▼

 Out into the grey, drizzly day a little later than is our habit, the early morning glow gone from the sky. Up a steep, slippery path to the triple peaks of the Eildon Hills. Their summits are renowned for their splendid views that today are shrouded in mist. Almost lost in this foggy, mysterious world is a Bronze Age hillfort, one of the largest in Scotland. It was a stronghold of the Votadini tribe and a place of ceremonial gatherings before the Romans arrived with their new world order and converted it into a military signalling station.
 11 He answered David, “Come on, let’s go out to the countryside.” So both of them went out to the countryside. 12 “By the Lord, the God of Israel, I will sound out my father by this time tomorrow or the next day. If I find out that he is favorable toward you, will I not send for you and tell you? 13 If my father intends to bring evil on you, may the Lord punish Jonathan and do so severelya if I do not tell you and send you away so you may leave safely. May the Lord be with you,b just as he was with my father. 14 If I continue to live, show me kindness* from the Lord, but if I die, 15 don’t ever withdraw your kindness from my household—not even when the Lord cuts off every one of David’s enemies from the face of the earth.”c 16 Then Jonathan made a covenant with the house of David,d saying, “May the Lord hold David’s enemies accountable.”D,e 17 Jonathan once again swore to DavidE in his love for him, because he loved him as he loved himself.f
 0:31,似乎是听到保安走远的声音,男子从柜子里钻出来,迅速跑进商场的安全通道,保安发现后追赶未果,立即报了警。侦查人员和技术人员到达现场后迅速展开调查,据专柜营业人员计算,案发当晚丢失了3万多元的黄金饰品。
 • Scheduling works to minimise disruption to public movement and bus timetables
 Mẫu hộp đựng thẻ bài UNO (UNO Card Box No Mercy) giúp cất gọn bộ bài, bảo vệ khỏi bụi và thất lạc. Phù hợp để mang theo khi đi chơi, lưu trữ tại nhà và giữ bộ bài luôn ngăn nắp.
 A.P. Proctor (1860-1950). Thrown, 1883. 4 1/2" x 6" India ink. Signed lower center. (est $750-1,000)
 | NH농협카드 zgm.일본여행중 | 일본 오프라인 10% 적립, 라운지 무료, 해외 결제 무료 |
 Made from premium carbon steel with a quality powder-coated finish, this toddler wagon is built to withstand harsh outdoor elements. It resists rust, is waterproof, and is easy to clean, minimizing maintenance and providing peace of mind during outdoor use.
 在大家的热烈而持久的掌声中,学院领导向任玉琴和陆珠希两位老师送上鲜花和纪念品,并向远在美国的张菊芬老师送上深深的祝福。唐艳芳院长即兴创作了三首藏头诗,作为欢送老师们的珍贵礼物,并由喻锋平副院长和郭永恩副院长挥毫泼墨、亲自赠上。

▲
▼

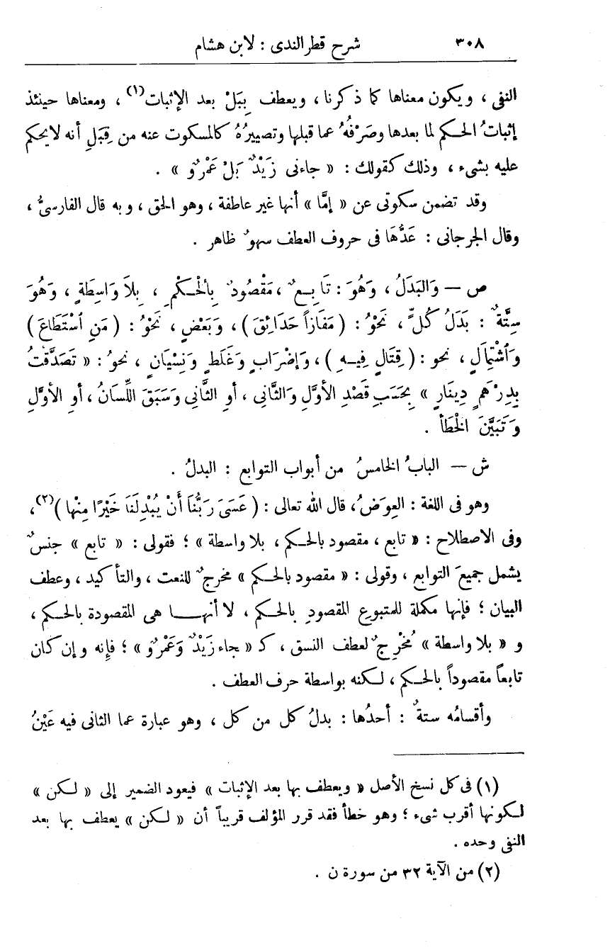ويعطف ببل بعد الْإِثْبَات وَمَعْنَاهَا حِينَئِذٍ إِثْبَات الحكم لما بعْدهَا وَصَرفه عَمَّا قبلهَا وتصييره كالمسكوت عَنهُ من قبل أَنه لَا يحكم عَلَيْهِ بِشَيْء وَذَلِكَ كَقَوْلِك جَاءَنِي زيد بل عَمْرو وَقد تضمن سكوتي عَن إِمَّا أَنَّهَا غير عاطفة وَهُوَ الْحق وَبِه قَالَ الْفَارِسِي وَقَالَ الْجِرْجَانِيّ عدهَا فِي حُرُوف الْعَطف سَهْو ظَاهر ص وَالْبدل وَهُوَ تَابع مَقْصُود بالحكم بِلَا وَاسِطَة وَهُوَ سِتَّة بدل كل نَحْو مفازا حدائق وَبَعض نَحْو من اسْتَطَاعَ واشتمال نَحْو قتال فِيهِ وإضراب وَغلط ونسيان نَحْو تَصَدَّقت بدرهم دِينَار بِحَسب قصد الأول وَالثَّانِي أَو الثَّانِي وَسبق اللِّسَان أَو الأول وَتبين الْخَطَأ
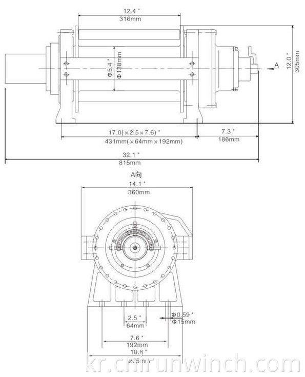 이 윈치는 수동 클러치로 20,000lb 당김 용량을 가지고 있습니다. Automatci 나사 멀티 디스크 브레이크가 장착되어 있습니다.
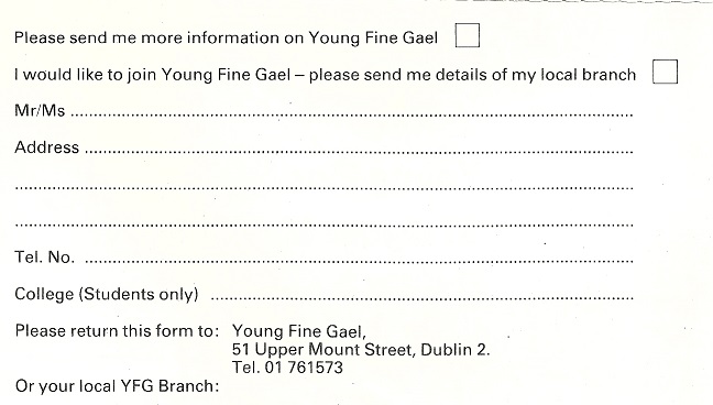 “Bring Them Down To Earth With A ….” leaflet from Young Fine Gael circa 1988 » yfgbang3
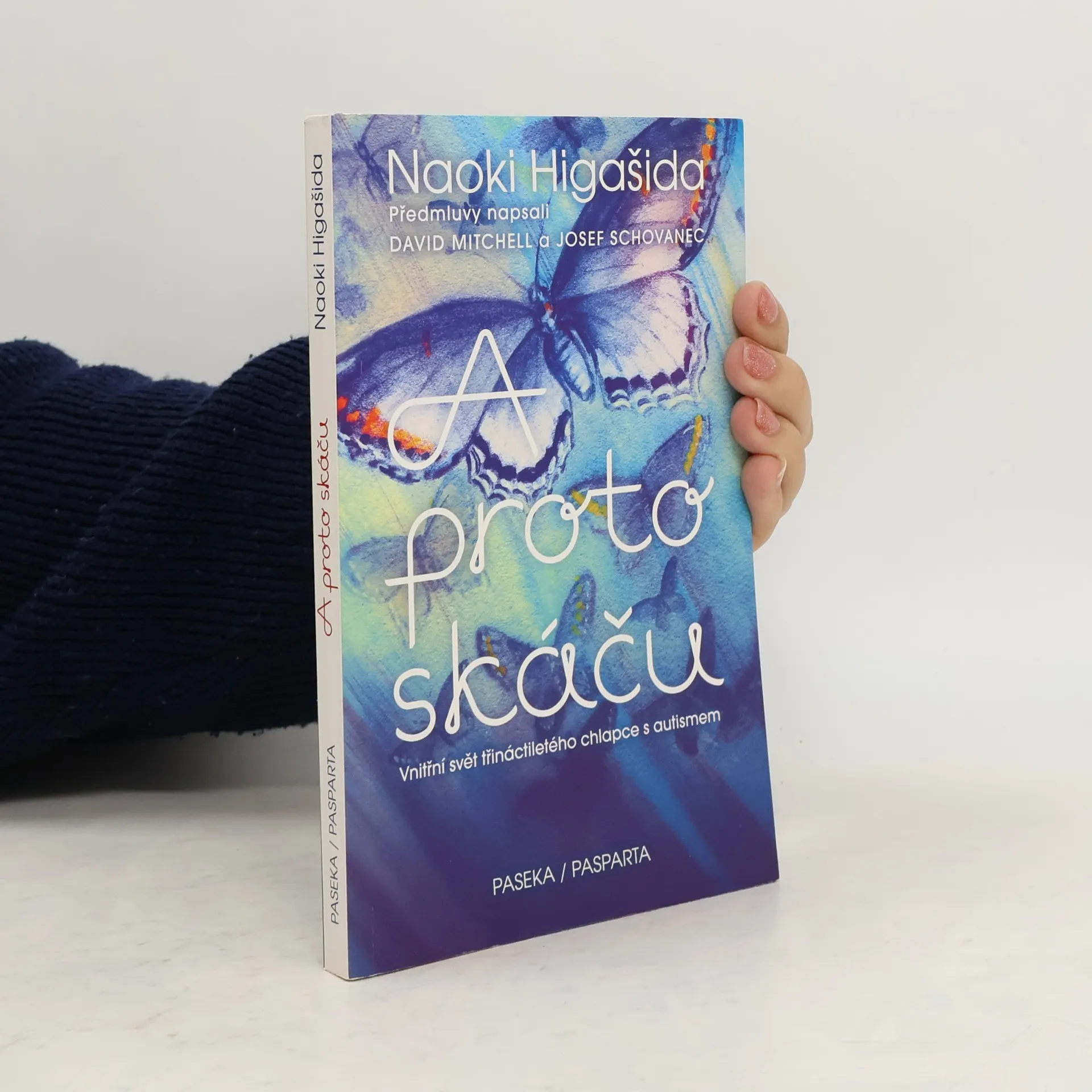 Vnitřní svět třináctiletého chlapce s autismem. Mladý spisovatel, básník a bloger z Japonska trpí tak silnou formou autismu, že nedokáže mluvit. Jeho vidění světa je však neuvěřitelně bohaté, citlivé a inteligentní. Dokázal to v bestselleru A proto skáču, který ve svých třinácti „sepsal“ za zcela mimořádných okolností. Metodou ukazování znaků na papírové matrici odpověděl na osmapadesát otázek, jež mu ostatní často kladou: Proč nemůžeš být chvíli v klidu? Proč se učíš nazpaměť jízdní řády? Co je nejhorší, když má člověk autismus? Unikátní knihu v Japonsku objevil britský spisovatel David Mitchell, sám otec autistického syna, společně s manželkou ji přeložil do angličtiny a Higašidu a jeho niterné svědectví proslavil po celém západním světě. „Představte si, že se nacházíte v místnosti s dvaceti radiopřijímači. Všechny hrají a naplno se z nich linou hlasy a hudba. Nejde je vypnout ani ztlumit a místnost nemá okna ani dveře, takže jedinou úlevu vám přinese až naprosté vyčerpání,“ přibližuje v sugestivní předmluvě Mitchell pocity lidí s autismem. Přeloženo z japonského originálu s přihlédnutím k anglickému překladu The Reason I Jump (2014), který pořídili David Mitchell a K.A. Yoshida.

▲

WHAT THE TASK ASKS | For this exercise, repeat exactly the lines of the data above from the one with "0:31,似乎是听到保安走远" down to the one with "Mẫu hộp đựng", both end lines included.

ANSWER TO THIS EXERCISE |
 0:31,似乎是听到保安走远的声音,男子从柜子里钻出来,迅速跑进商场的安全通道,保安发现后追赶未果,立即报了警。侦查人员和技术人员到达现场后迅速展开调查,据专柜营业人员计算,案发当晚丢失了3万多元的黄金饰品。
 • Scheduling works to minimise disruption to public movement and bus timetables
 Mẫu hộp đựng thẻ bài UNO (UNO Card Box No Mercy) giúp cất gọn bộ bài, bảo vệ khỏi bụi và thất lạc. Phù hợp để mang theo khi đi chơi, lưu trữ tại nhà và giữ bộ bài luôn ngăn nắp.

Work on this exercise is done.